Читаем Прогресс полностью

От издателя заметим, что без последующих записей вполне можно было бы обойтись, но они объясняют некоторые детали пути дальнейшего сюжетного хода поэмы. Повествование идет от первого лица, именно так, как диктовал своему крепостному писарю Александр фон Штейнц, русский дворянин, фамилия которого берет истоки в Остзейском дворянстве Балтийского побережья, которое обосновалось в землях Российской державы, благодаря ратным подвигам его предков на государевой службе, при царе Алексее Михайловиче. Кровь Тевтонских рыцарей полюбовно влилась в жилы потомков многодетной княжны, красавицы Марфы Колубакиной, и не раз окропляла землю в защиту государства Российского. Потомки Марфы и Отто, сероглазые и русоволосые, с прямыми переносицами и слегка раздутыми крыльями носа, жесткими подбородками с деликатной ямочкой по середине, переходящей в легкую припухлость рта, мимика которого мгновенно меняла лицо в зависимости от настроения, передали своему последующему поколению элегантную стать, внешнюю похожесть, склонность к подагре и необычайное упрямство во всех начинаниях.

Из секретного архива.

С отцом мы виделись не часто. Каждая встреча вспоминается как наяву. По службе он всегда был в разъездах и, появившись в именье, закатывал пир. Собирались его сослуживцы и друзья. Мама радовалась, как маленькая. Этикета никакого не соблюдалось. Мама, всегда строгая и серьезная, позволяла целовать себя не только в руку, но и в щеку. Мои младшие сестренки, Маша и Наташа, прыгали вокруг мундиров, пытаясь обратить на себя внимание. Каждый норовил меня потискать, но я держал дистанцию и отделывался достойным наклоном головы. Пусть Егорку мусолят, а мне уже семь исполнится в апреле.

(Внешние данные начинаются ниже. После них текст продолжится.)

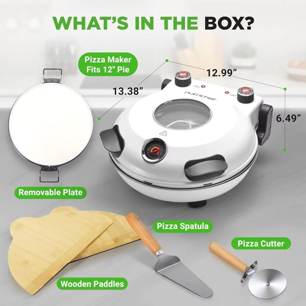 The NutriChef countertop pizza maker in ivory white features independent temperature controls for the top and bottom heating elements, enabling even and customizable cooking. The built-in thermometer and large viewing window help monitor your pizza as it bakes, while cool-touch handles and overheat protection prioritize safety. Its compact, space-saving design fits comfortably on kitchen countertops. Included accessories, such as a wooden paddle, cutter, and spatula, make pizza preparation easy and complete. With a 40 oz. With capacity and durable stainless steel and aluminum construction, this electric pizza oven delivers professional results at home.
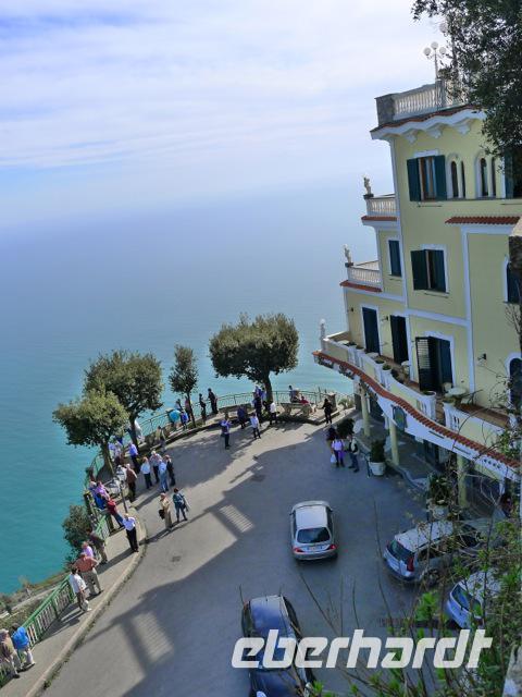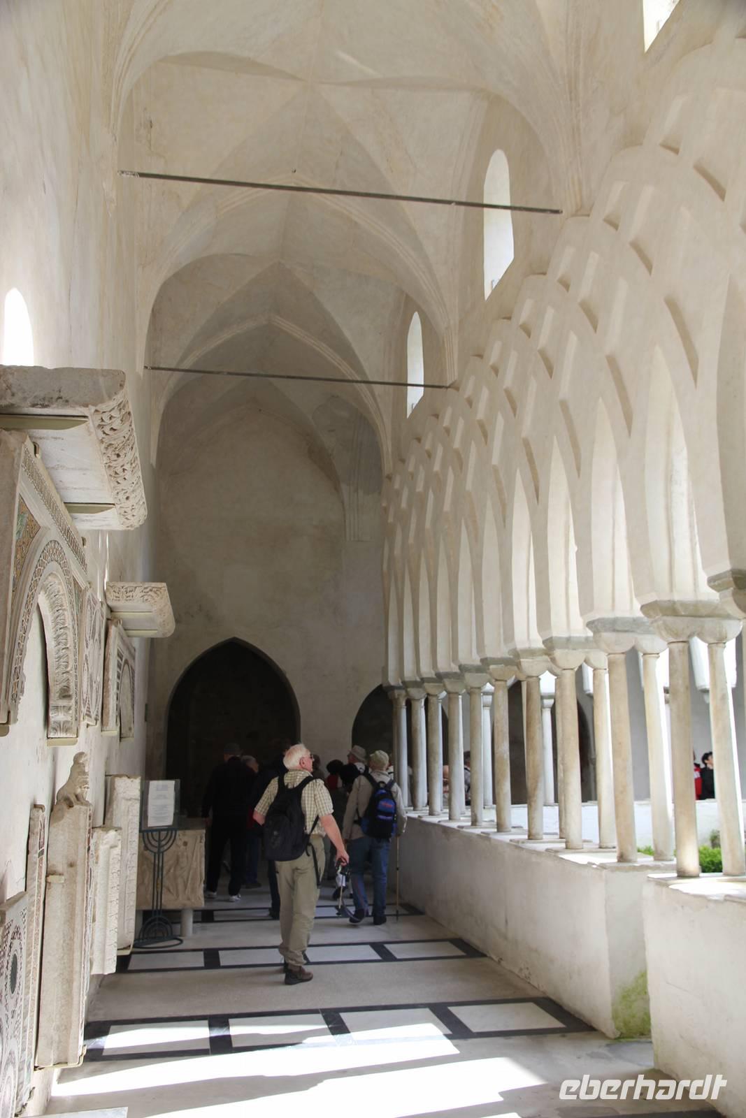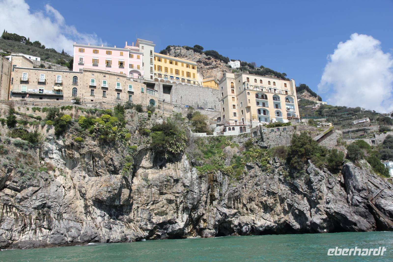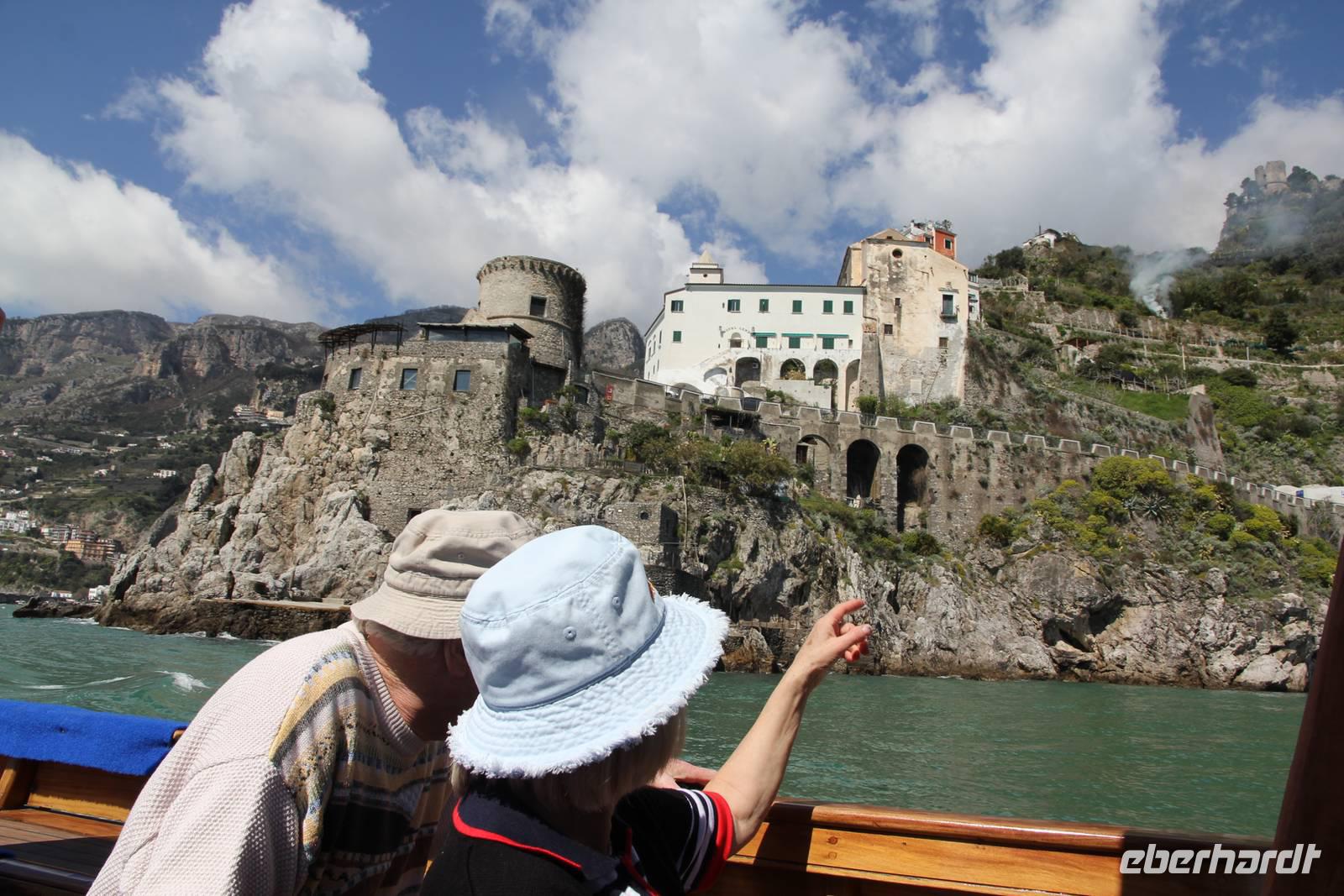 Bei schönstem Sonnenschein fahren wir Richtung Amalfi und besichtigen wir zuerst den Dom Sant' Andrea mit seinem maurisch anmutendem Kreuzgang des Paradieses (Chiostro del Paradiso), der Krypta, dem Aufbewahrungsort des Totenschädels des Heiligen Andreas. Aufgrund des hohen Seegangs können wir nicht das Boot bis Positano fahren lassen, beschränken wir uns bei der Bootsfahrt auf jeweils kurze Abstecher in nordwestlicher bzw. südöstlicher Richtung von Amalfi aus. Wir bewundern vom Wasser aus die Villa von Sophia Loren und schauen auch weit hinauf zur Villa Cimbrone und zur Villa Rufolo von Ravello. Anschließend bummeln wir zu unserem Restaurant Lo Smeraldino, in dem wir auf der Terasse für uns Tische, eingedeckt mit Wasser und kühlem Weißwein, finden. Bei Pasta und Goldbarsch genießen wir die Sonne und den herrlichen Blick auf den Hafen und Stadt Amalfi. Endlich haben wir unsere lang ersehnten Frühling!
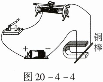 5. 如图20-4-4所示,闭合开关,铜棒向右运动,为使开关闭合后铜棒向左运动,下列操作可行的是(
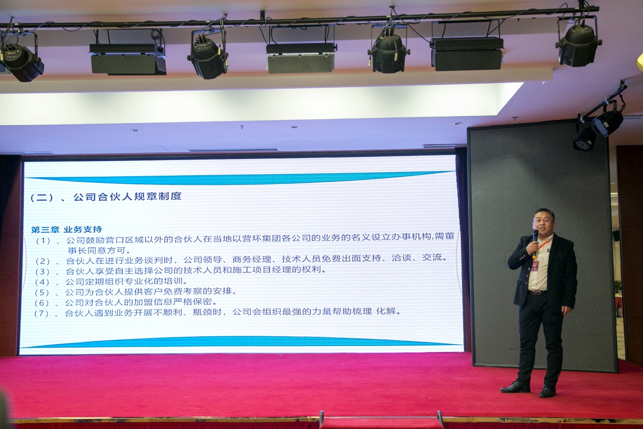 遼寧聚實(shí)環(huán)保科技有限公司盛曉峰總經(jīng)理做《如何實(shí)現(xiàn)收益衍生》報(bào)告,分析現(xiàn)今國(guó)際,國(guó)內(nèi)的經(jīng)濟(jì)形勢(shì)、現(xiàn)環(huán)保行業(yè)及環(huán)保領(lǐng)域現(xiàn)狀、及給予合伙人的各項(xiàng)政策支持和保障。
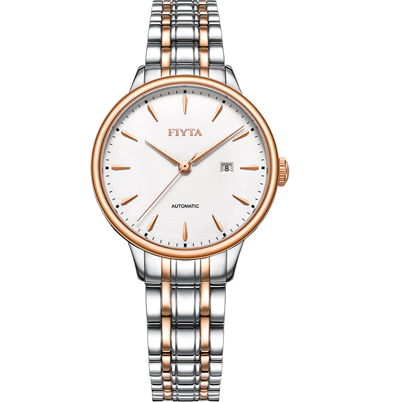 飞亚达(FIYTA)手表女 Hunter系列自动机械日历白盘间金钢带送女友节日礼物
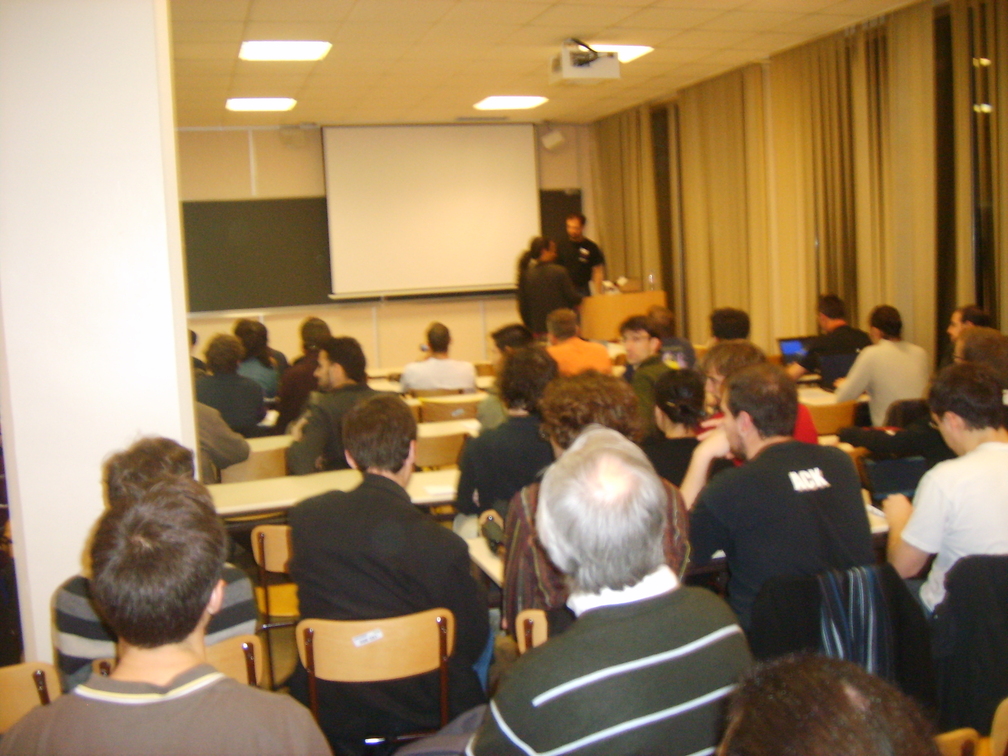 Étiquette portant notre nom fièrement collée sur le torse et programme dans la poche, nous nous installons dans la salle, où nous retrouvons Lucas NUSSBAUM, notre ancien prof d'ASRALL (enfin, pour les trois quarts de notre groupe).
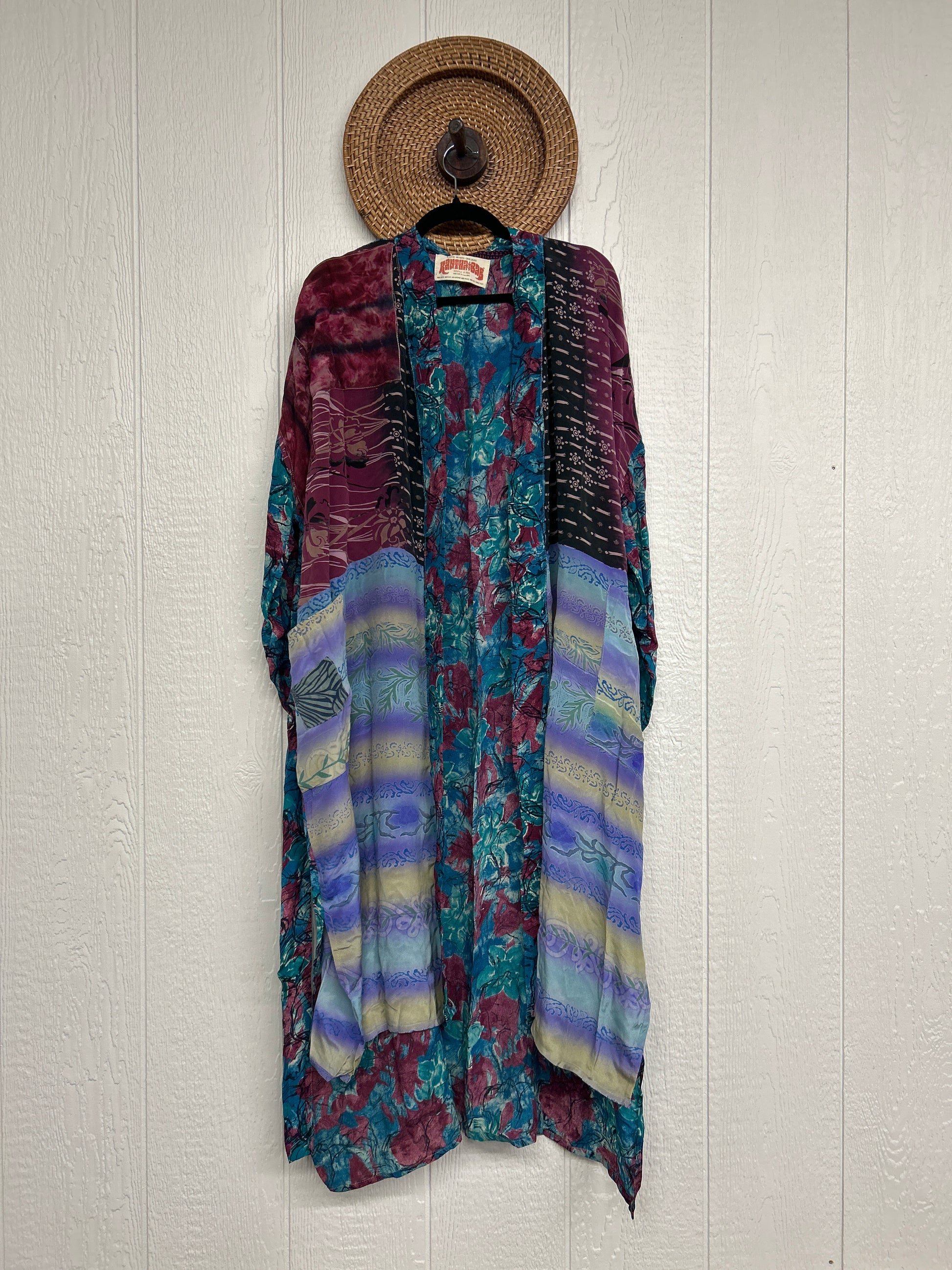 Crepe Dusters are beautiful, flowy, midi-length kimonos made from our ultra lux vintage crepe sari. They feature balloon sleeves with elastic at the wrist, 2 slouchy pockets, and a sash. They are one of our favorite layering pieces EVER.
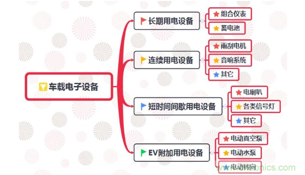 作為電動(dòng)汽車(chē)的供電設(shè)備,DC/DC變換器也給車(chē)載電子設(shè)備供電。根據(jù)純電動(dòng)汽車(chē)車(chē)載電子設(shè)備不同屬性,可把用電設(shè)備分為長(zhǎng)期用電設(shè)備、連續(xù)用電設(shè)備、短時(shí)間間歇用電設(shè)備和EV附加用電設(shè)備等四種類(lèi)型,如下圖所示。同時(shí),DC/DC變換器的體積和種類(lèi)都很小且輸出穩(wěn)定。
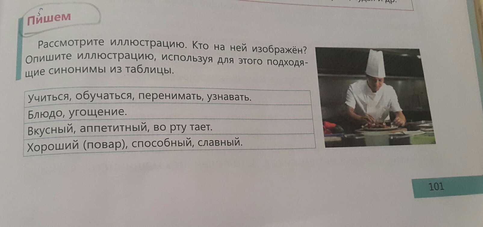 На иллюстриции изображён повар Описание иллюстрации: повар готовит для посетителей угащение это блюдо вкусное аппетитное прям во рту тает. Хороший повар был способным славным

Все, чему меня обучал Поль-гувернер, шло насмарку. Говорили только по-русски, иногда переходя на немецкий вперемежку с французским. Это происходило в каких-то экстренных случаях, мне тогда не понятных, и носило очень бурный характер.

Однажды утром с папа мы сели в бричку и поехали, как он сказал, по очень важному делу. Для меня это было счастье, трястись в рессорной с опрокинутым верхом, подставляя лицо под воздух, смешанный с солнечными лучами и давясь смехом в колючее сукно шинели папа. Не помню как, но заснул от счастья и проснулся, когда тряска закончилась, и Ванька крикнул:

– Эй, служивый, кудысь двигать на Упорой, по левою руку от столба, или по правую?

– Держись на храмову главку, – отвечал встречный, – дальше по-над берегом Упоройки, апосля маленько в сторону.

Ванька легонько тронул.

– Папа, – спросил я, – Что за название такое, Упорой, и куда мы направляемся?

– Едем мы с тобой, Алексаша, – он всегда меня так называл в хорошем расположении духа, – по большой Киевской дороге. До Орла отсюда примерно сто верст, по пути у нас будет храм святого пророка Илии. Ветхозаветный пророк был вознесен живым на небеса, за добрые дела его и чудеса, сотворенные во имя Господа.

– Много ли чудес надо совершить для такой благодати? – удивился я.

– Вся его жизнь – бесконечный подвиг праведности перед Богом, он мог ниспослать огонь на землю, исцелить страждущего, покарать идолопоклонников и воскресить землю от засухи. В храме находится антиминс со святыми мощами.

Мы доехали до храма, где встречал нас отец Серафим при полном облачении, но прижать к губам антиминс нам не удалось, так как на это имеют право только люди духовного звания. Серафим благословил нашу дорогу, ведущую к усадьбе графа Милорадовича.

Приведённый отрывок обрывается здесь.